Он сидел за огромным высоким столом, каких не бывает в обычных домах, у обычных людей. Перед ним, как цветы на лугу, – медные чашечки с краской: белой, синей, зеленой, желтой, красной и черной. Сухими прямыми веточками торчат из ваз тонкие кисти.
Слева кувшин с водой, справа, под бронзовым прессом, стопка плотных бумажных листов. Под рукой – только что начатый серый рисунок.
На маленьком столике сбоку просыхают готовые миниатюры Кипы рисунков, набросков, старых миниатюр лежат на полках, на полу, нанизаны на гвозди в стенах.
Тут ярко, весело – и уютно. Как в осеннем саду, когда идет листопад…
– По какому случаю? – кивнул художник на кувшин, принесенный Омаром. И с готовностью отложил в сторону начатый лист.
– Соседку, родственницу, замуж выдаю, – мрачно сказал Омар.
– Слыхал. И на свадьбу зван. Но она же – тюрчанка? А ты перс.
– А где ты видел в Иране и Туране чистокровных тюрков? Те далеко, на Алтае. Эти – перемешались. С хорезмийцами и согдийцами, с персами, индийцами, арабами. И бог весть еще с кем. Пестрый народ. Словом, сарты. Я прихожусь ей двенадцатиюродным дядей.
– Что же ты такой невеселый?
– Сейчас. – Омар снял с полки две расписные чаши из обожженной глины, наполнил их темным вином.
– Ну, дай ей бог! – вскинул чашу художник.
– Дай бог.
– Очень кстати, – любовно, как женское бедро, огладил ладонью художник крутой бок хмельного кувшина. – Устал. Канительная работа. Много возни. – Он деланно-небрежно махнул рукой на листы, явно желая, чтобы Омар их посмотрел.
Поэт взял один из листов, весь золотистый, яркий.
На рыжеватом береговом откосе, на крутом блекло-зеленом выступе, поросшем редкой травой и красными и белыми цветами, сидит, подогнув колени и по-восточному сунув руки в рукава, задумчивый старец в белой чалме и голубом халате.
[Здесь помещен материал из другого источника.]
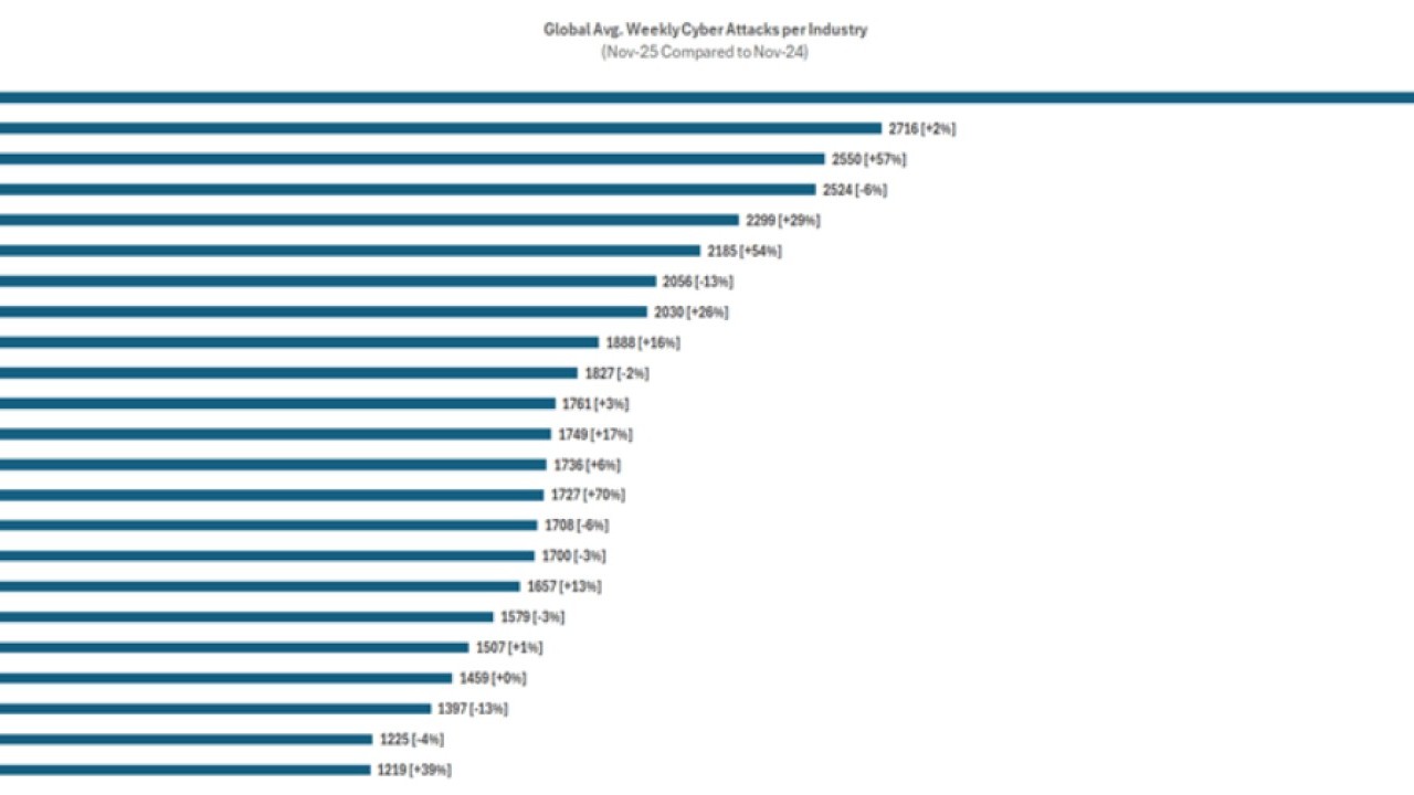 A livello mondiale, il settore dell’istruzione resta il più colpito, con una media di 4.656 attacchi settimanali per organizzazione (+7% su base annua). Seguono le istituzioni governative con 2.716 attacchi a settimana (+2%) e le associazioni e organizzazioni no profit, che segnano un incremento significativo (+57%) raggiungendo 2.550 attacchi settimanali.

Рядом с ним – собеседник в зеленой одежде. Ниже, у воды, двое в красных кафтанах, с кайлами в руках, рушат скалу. Фигуры расположены продуманно: две верхние на одном уровне, один из землекопов – прямо под ними, второй – в стороне от первого, правее и выше. Живописная асимметрия.
Небо над красновато-рыжими буграми – темно-синее, почти черное, с густой прозеленью. Оно резко оттеняет светлую пустоту этих округлых бугров и перекликается с неяркой зеленью утеса, где сидят старичок с собеседником.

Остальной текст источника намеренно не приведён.